Dataset items:
^^^^^^^^^^^^^^^^
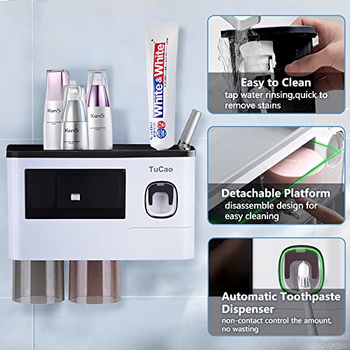 TuCao Dispenser automatico per dentifricio, con supporto a parete e porta spazzolino salvaspazio per bagno, 6 slot per spazzolino da denti con coperchio e cassetto organizer per cosmetici (2 tazze)
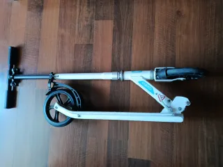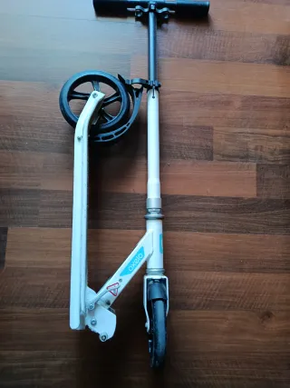 Patinete infantil Oxelo, en buen estado. Ideal para niños y niñas. - Color blanco y morado. - Ligero y fácil de manejar. - Perfecto para desplazamientos cortos.
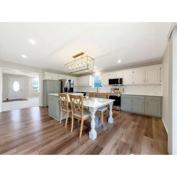 Completely move-in ready and beautifully remodeled, this all-brick home in Warrensburg checks every box! Offering 3 bedrooms, 2 bathrooms, and a spacious 2-car garage, this home features an open and inviting layout perfect for everyday living and entertaining. The stunning kitchen is the heart of the home, highlighted by a massive 8x5 quartz island that doubles as the perfect gathering space, along with new quartz countertops, updated cabinet hardware, modern lighting, fresh paint, and brand-new carpet throughout. The primary suite offers a true retreat with a gorgeous newly tiled walk-in shower, while the rest of the home has been thoughtfully updated from top to bottom. Enjoy peace of mind with all-electric utilities including the HVAC system and water heater. Step outside to a fully fenced backyard complete with a brand-new pergola—ideal for relaxing or hosting friends and family. Located in a great, active neighborhood, this home combines style, comfort, and convenience in one perfect package!
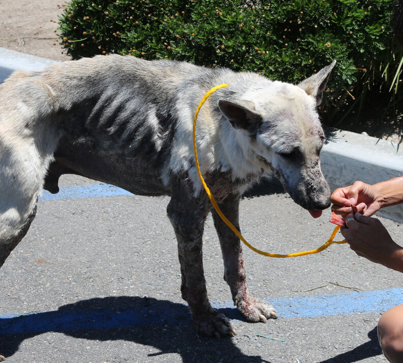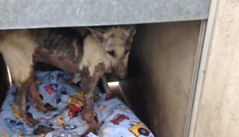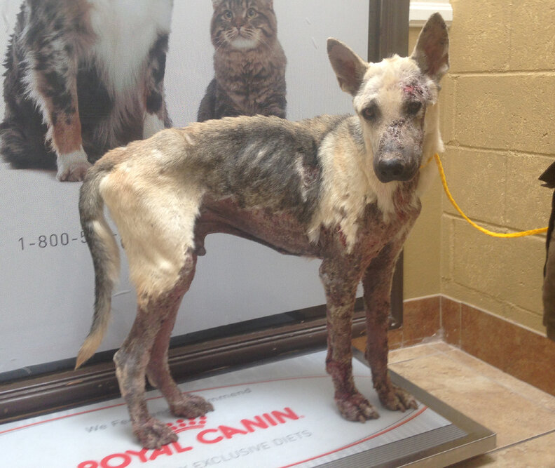 Weighing only 53 pounds, he was diagnosed with sever mange, bacterial infections, anemia, as well as a host of other issues.
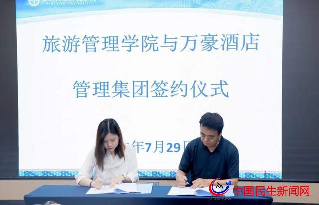 王院長與洲際酒店管理公司、香格里拉大酒店、恒力酒店管理公司、萬豪酒店集團(tuán)、恒星大酒店代表簽署共建協(xié)議書。
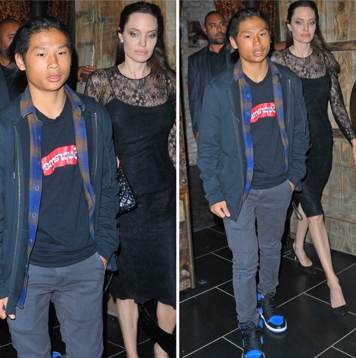 Sjáðu hvernig Pax lítur út í dag! Í gærkvöld fór leikkonan Angelina Jolie út að fagna mæðradeginum með syni sínum Pax sem er orðinn 13 ára gamall. Aðdáendur hafa lýst yfir hversu hissa þeir eru á hvað hann er orðinn stór! Angelina leit afar vel út (eins og alltaf reyndar!) í svartri blúndu og í hælum. Fóru þau á Tao sem er virkilega flottur staður í Los Angeles ásamt lífvörðum.
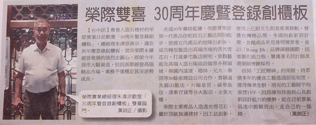 【台中訊】專營人造石建材的榮際實業日前歡慶「30周年暨登錄創櫃板」,總經理朱清涼表示,選在周年慶登錄創櫃板,宣示榮際永續經營發展的強烈企圖心,即使今年房市大幅衰退,但因長期經營高端精品市場,業務不僅穩定甚至逆勢成長。
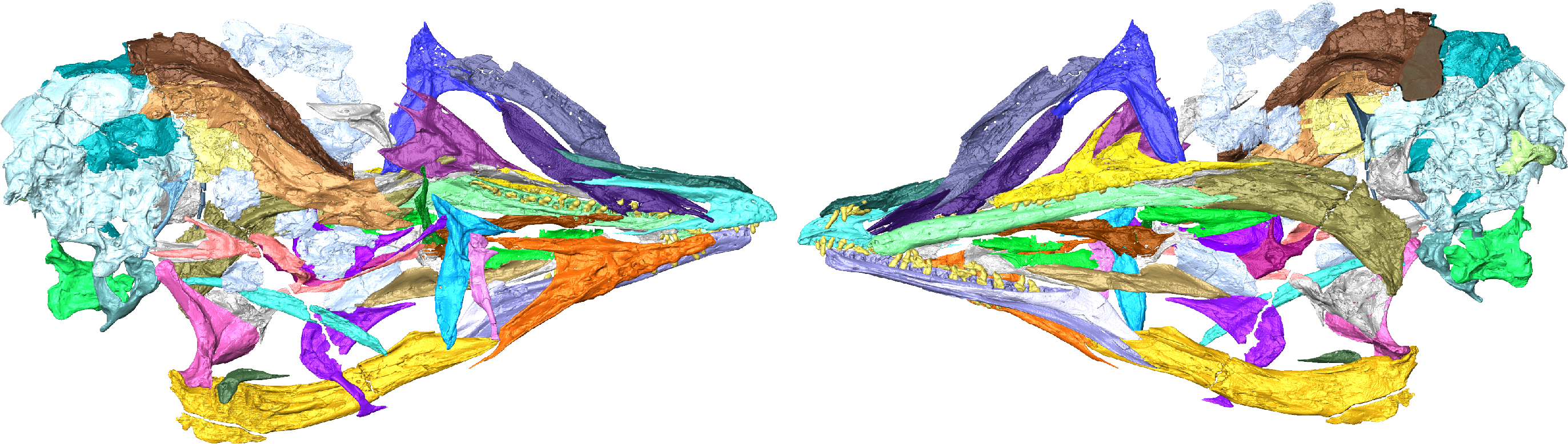 By using high-resolution CT-scanning, the research team was able to digitally identify, isolate, and assemble all skull bones into a detailed three-dimensional reconstruction. This work revealed many anatomical details not known for early birds. Yuanchuavis shows a mosaic of dinosaurian and bird traits such as a feathered bird body with wings, a toothed mouth, and an immovable dinosaurian palate and snout.
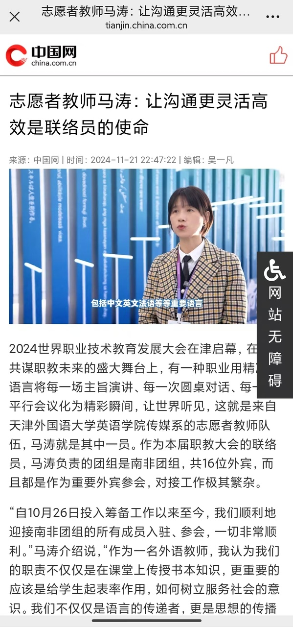 梁鸿娜:我是DAJIANG.COM_大江(中国)高级翻译学院俄语笔译专业2024级硕士研究生,是会场内的一名志愿者。2024年世界职业技术教育发展大会是全国教育大会后我国首场教育领域的主场外交活动,能够作为志愿者参与其中,我感到非常自豪和骄傲。在与外宾的接触中,我们用温暖的微笑跨越国界,用我们的所学,讲好中国故事、天津故事。当外宾冲着我们竖起大拇指,说着“great China,good volunteer(伟大的中国,优秀的志愿者)”,我觉得一切的付出都是值得的。作为外语专业学生,我会继续加强专业学习,让更多外国友人读懂中国,争做中西文化交流使者。
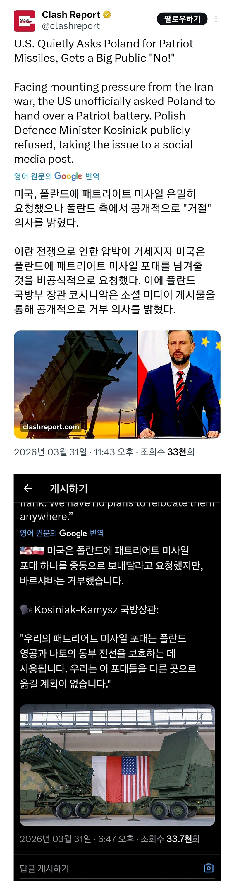 폴란드야 너희가 구매한거 공짜로 다시 주면 안되겠니?
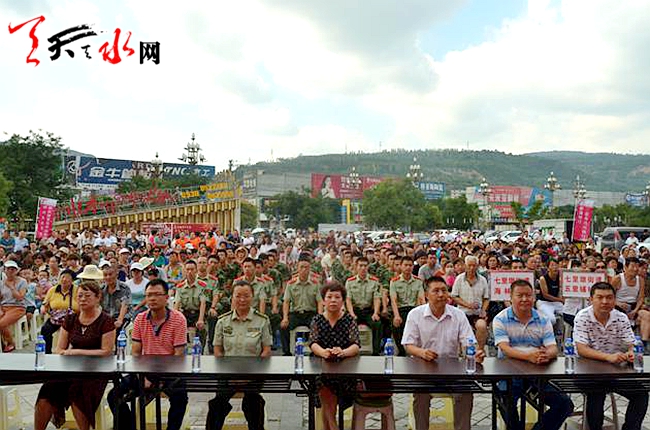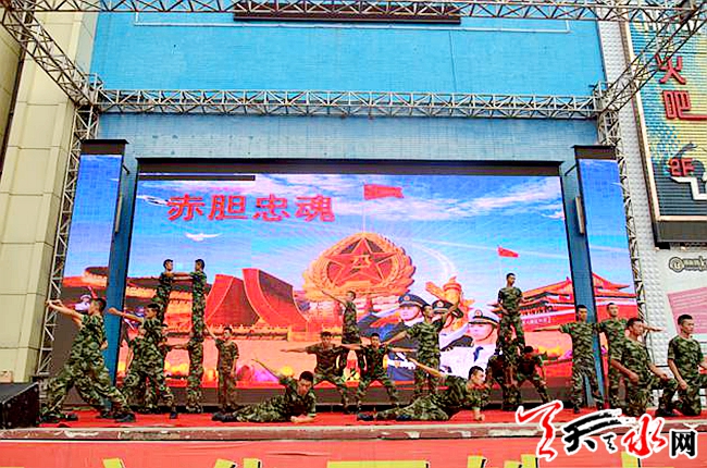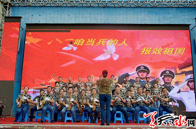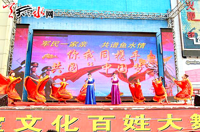 ????天天天水網(wǎng)訊 7月26日,在建軍90周年來臨之際,七里墩街道在天河廣場百姓大舞臺舉辦“軍民魚水情”文藝匯演。街道全體干部職工、天水市消防支隊官兵和居民群眾800多人觀看了演出。
^^^^^^^^^^^^^^^^
What is needed is an exact copy of the lines from the one with "폴란드야 너희가 구매한거 공짜로 다시 주면 안되겠니?" through the end of the data above, both included, minus any pictures.

Solution to the problem:
 폴란드야 너희가 구매한거 공짜로 다시 주면 안되겠니?
 ????天天天水網(wǎng)訊 7月26日,在建軍90周年來臨之際,七里墩街道在天河廣場百姓大舞臺舉辦“軍民魚水情”文藝匯演。街道全體干部職工、天水市消防支隊官兵和居民群眾800多人觀看了演出。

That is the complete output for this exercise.